The number of classes strongly depends on the type of the input data. If the input data requires a specific number, then there are three classes: one for that number, one for all numbers less than it, and one for all numbers greater than it. Similarly, if the input should be from a range of numbers, we again have three classes.

Testing each input class reveals whether the software module correctly handles the range of input that it could receive.

Boundary value analysis

Software bugs tend to occur more frequently at their boundary values, which are those values around which a conditional changes the value it evaluates to. For instance, boundary values are those values for which an if statement will change between choosing to execute its then or else portions, or where a loop decides whether to iterate or not.

This increase in errors can occur for simple reasons, such as using a greater-than comparison instead of a greater-than-or-equal-to comparison. When looping, common boundary mistakes include iterating one time too many, or one time too few.

Because of the increased frequency with which errors occur around boundary values, it is important to design test cases that properly exercise the boundaries of each conditional statement. These boundaries will occur between the various input classes in the equivalence partitioning method, and so boundary value analysis is well suited to being combined with that method.

Object-oriented testing

Testing methodologies can be modified slightly when the software is developed in an object-oriented manner.

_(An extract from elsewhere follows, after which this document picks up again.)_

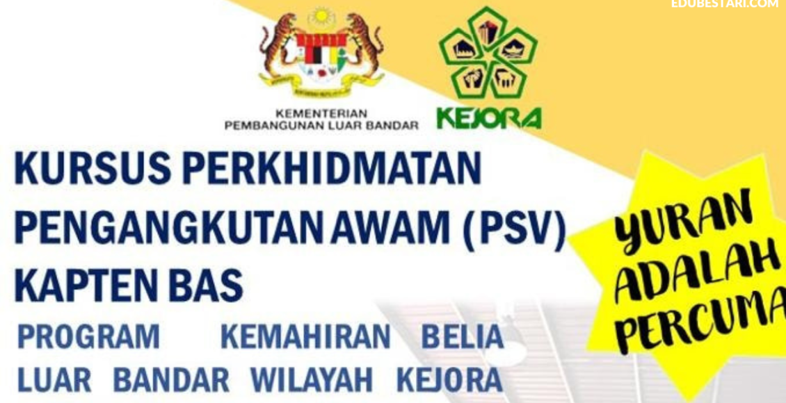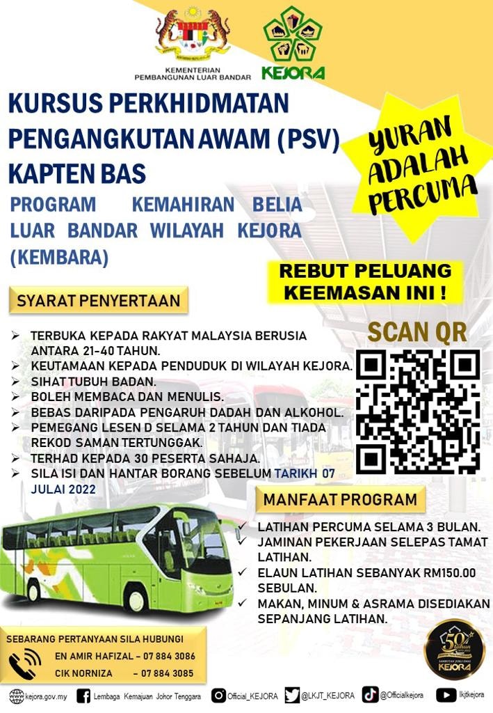 Lembaga Kemajuan Johor Tenggara (KEJORA) dengan kerjasama Kementerian Pembangunan Luar Bandar akan menganjurkan Kursus Perkhidmatan Pengangkutan Awam (PSV) sebagai Kapten Bas di bawah Program Kemahiran Belia Luar Bandar Wilayah KEJORA (KEMBARA).

The basic unit for unit testing becomes the class as a whole. This does have the consequence, however, that the various methods cannot be tested in isolation, but must be tested together. At the very least the class's constructor and destructor will always be tested with any given method.

Similarly, when performing integration testing, the class becomes the basic module which makes up the software. Use-based is a bottom-up integration method constructing the software from those classes which use no other, then integrating these with the classes which use them in turn, and so on. Classes can also be integrated by following program execution, integrating those classes that are required in order to respond to particular input (thread-based testing), or, similarly, to integrate those classes which provide some specific functionality, independent of the input to the software (cluster testing).

In general, you should not only test base-classes, but all derived classes as well. Inheritance is a special case of module integration, and should be treated as such.